Disclosure of Invention
In order to overcome the defects, the invention provides a self-resetting energy-consumption connecting structure of a swinging pier-tie beam, wherein a groove steel base plate of the tie beam is directly butted with an inner side convex groove steel base plate of the pier and is connected only through a shape memory alloy rod, so that a swinging interface is formed between the tie beam and the pier, and the shape memory alloy rod is axially deformed along with the swinging interface. Therefore, under the action of earthquake, when the bridge pier swings, the plastic damage of the tie beam-bridge pier node is limited in the swinging interface, and meanwhile, the shape memory alloy bar provides energy consumption and self-resetting capability, so that the anti-seismic toughness of the double-column type swinging bridge pier with the tie beam is really realized.

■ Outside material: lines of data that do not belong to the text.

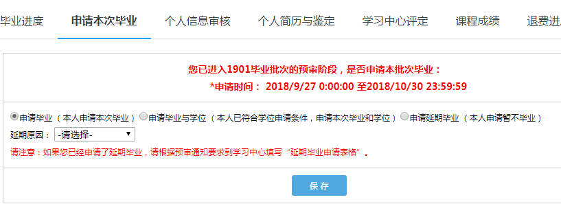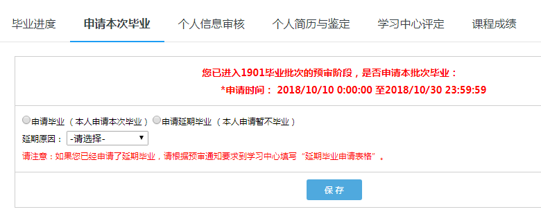 A.未開通畢業(yè)申請(如高校無延期畢業(yè)政策,則不需操作畢業(yè)申請,高校默認(rèn)所有學(xué)生滿足條件后畢業(yè)),
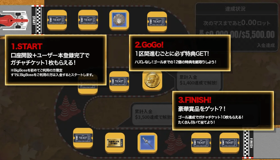 5ロットの取引ごとにマシンが1区間進み、12区間進むとゴールとなります。ゴールまでの間に、累計入金額に応じて突破できる「障害物」が3か所あります。障害物で進行が止まっていても、取引ロット数はカウントされます。後から入金すると、その間に貯まったロット分もまとめて反映されます。ゴールした後も、特典を獲得できるレースをご用意しています。なお、ゴール後は1区間進むのに必要なロット数が6ロットとなります。
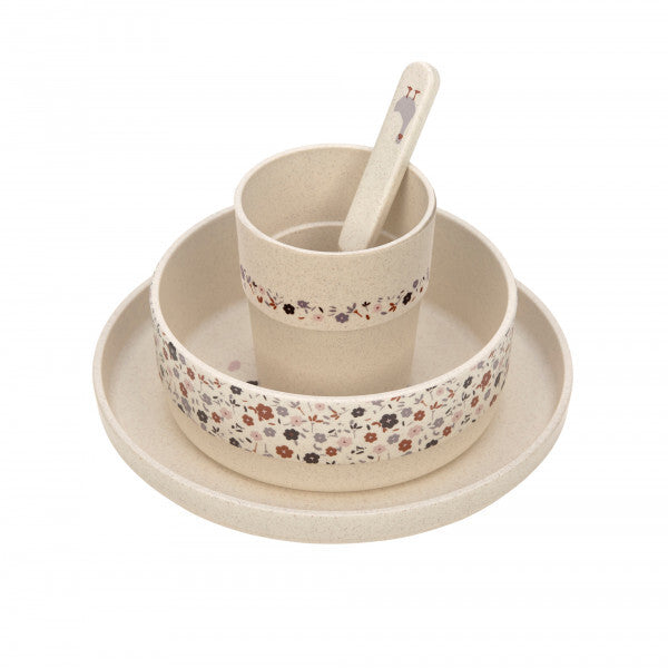 Į šį puikų rinkinį įeina lėkštė, dubenėlis, puodelis ir šaukštelis – visa tai pateikiama gražioje dovanų dėžutėje!
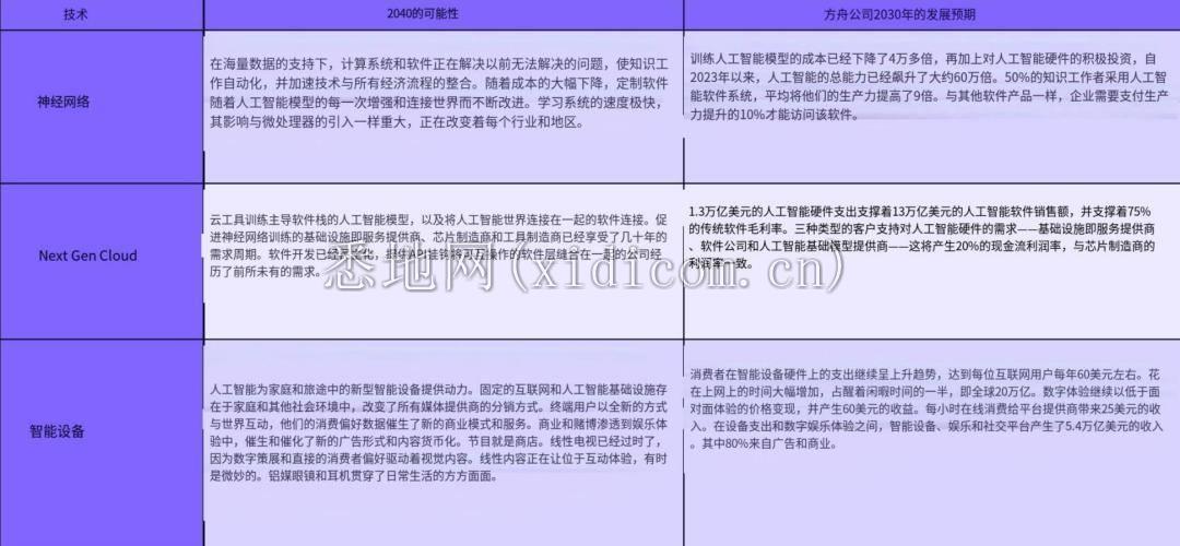 AI 包括神经网络、下一代云技术以及智能设备三个部分,报告分别预测了2030年、2040年的发展趋势。
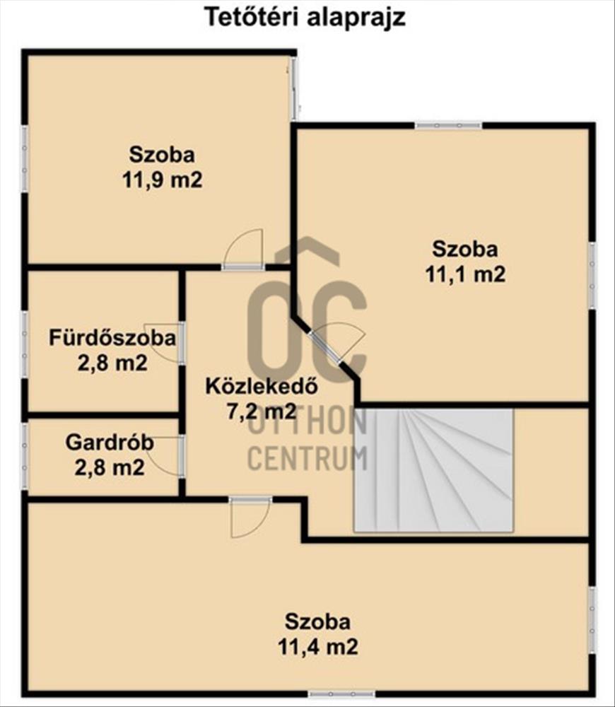 *A tetőtérben egy fürdőszoba-wc és három szoba található.
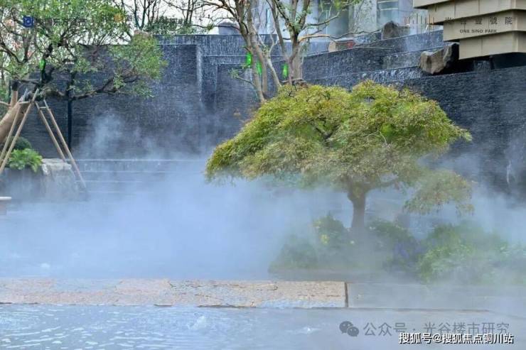 山水前庭的飞瀑撞碎在镜面水景中,雨雾缭绕,构成 “未见其宅,先闻其声” 的苏式留白。
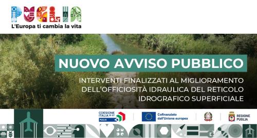 Proroga presentazione istanza di partecipazione - Nuovo Avviso per la selezione di interventi finalizzati al miglioramento dell’officiosità idraulica del reticolo idrografico superficiale (PR Puglia FESR-FSE+ 2021-2027 - sub-Azione 2.5.3)
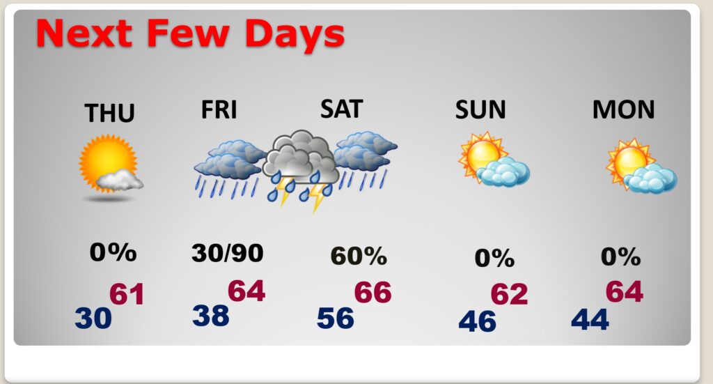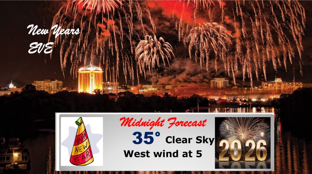 Good Morning! This final morning of 2025 will be quite cold, in the lower 20’s. But, wind chill is not much of a factor. Expect sunshine and lower 50’s today. (Normal 60/37) We’ll be in the mid 30’s at Midnight as the New Year begins, and near 30 by Dawn. On New Years Day we may tease 60 degrees. Expect a late week warm-up. Middle 60’s by Friday & Saturday. Scattered showers and thunderstorms are expected late Friday and especially Friday night and into Saturday. Some stronger storms are not out of the question. Here’s my brief video forecast Discussion.
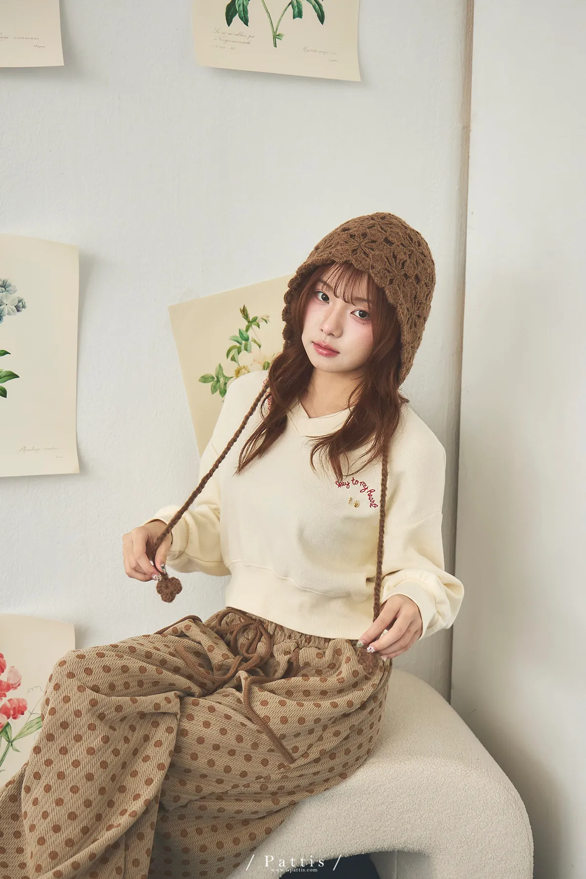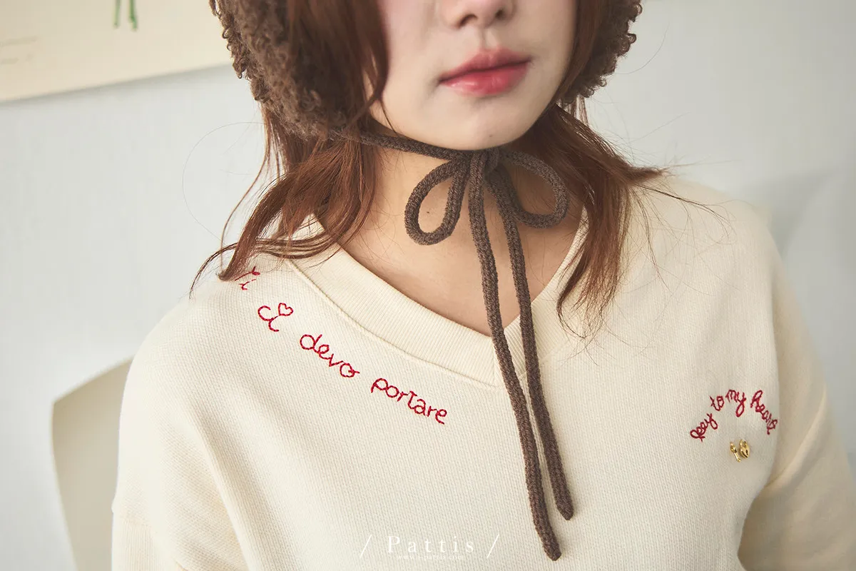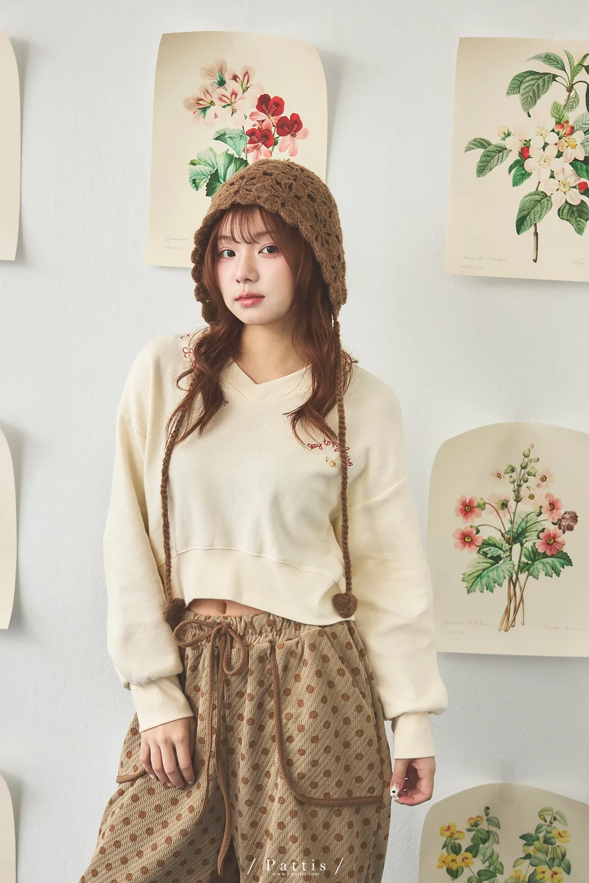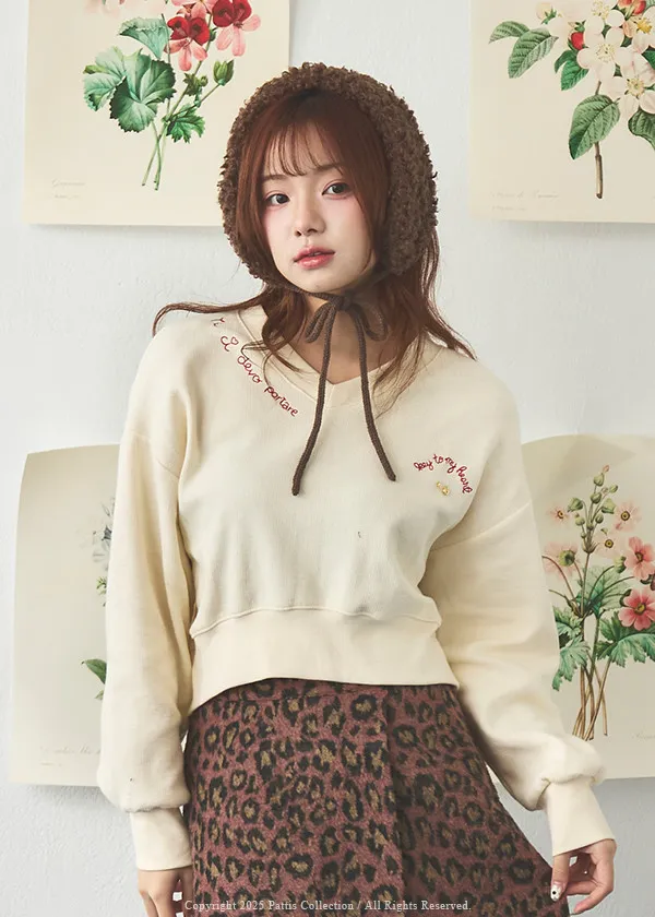 這次隨心所欲吧 | 小金墜飾刺繡字母V領短版簡約上衣(米黃)

In order to achieve the purpose, the invention provides a self-resetting energy-consumption connecting structure of a swing pier-tie beam, which mainly comprises a swing pier (1), a tie beam (2), a groove steel base plate (3), an outer steel sleeve (4), an inner steel sleeve (5), an inner convex steel base plate (6), an outer steel base plate (7), a shape memory alloy rod (8) and a screw cap (9); the bridge structure is characterized in that a tie beam (2) is arranged between the two swing piers (1), and the end parts of the swing piers (1) and the tie beam (2) are connected by adopting a groove steel base plate (3), an outer steel sleeve (4), an inner steel sleeve (5) and an inner side convex steel base plate (6), wherein the inner side convex steel base plate (6) is a steel plate with a convex part at the center of one side surface, the groove steel base plate (3) is a steel plate with a groove at the center of one side surface, the inner side convex steel base plate (6) is embedded into the swing piers (1) and is in butt contact with the tie beam (2), and the convex part extends out of a plane in butt contact with the swing piers; at the butt joint of each rocking pier (1) and the corresponding tie beam (2), a groove steel base plate (3) is fixed to the end part of the tie beam (2), and the groove is outward, so that the groove of the groove steel base plate (3) is matched with the protrusion of the protrusion steel base plate (6) at the inner side; the other side surface of the groove steel base plate (3) is provided with an outer steel sleeve (4) and an inner steel sleeve (5) which are coaxially nested and are axially vertical to the groove steel base plate (3), the outer steel sleeve (4) is embedded into the surface of the tie beam (2) and is coaxial with the tie beam (2), and the inner steel sleeve (5) and the tie beam (2) are coaxially inserted into the tie beam (2); an outer steel base plate (7) is arranged on the other side of the swing pier (1), namely the outer steel base plate (7) and the inner convex steel base plate (6) are arranged on two opposite sides of the swing pier (1), and the shape memory alloy rod (8) sequentially penetrates through the outer steel base plate (7), the inner convex steel base plate (6), the swing pier (1) and the groove steel base plate (3) and is fixed together by nuts (9) through the outer steel base plate (7), the inner convex steel base plate (6), the swing pier (1) and the groove steel base plate (3).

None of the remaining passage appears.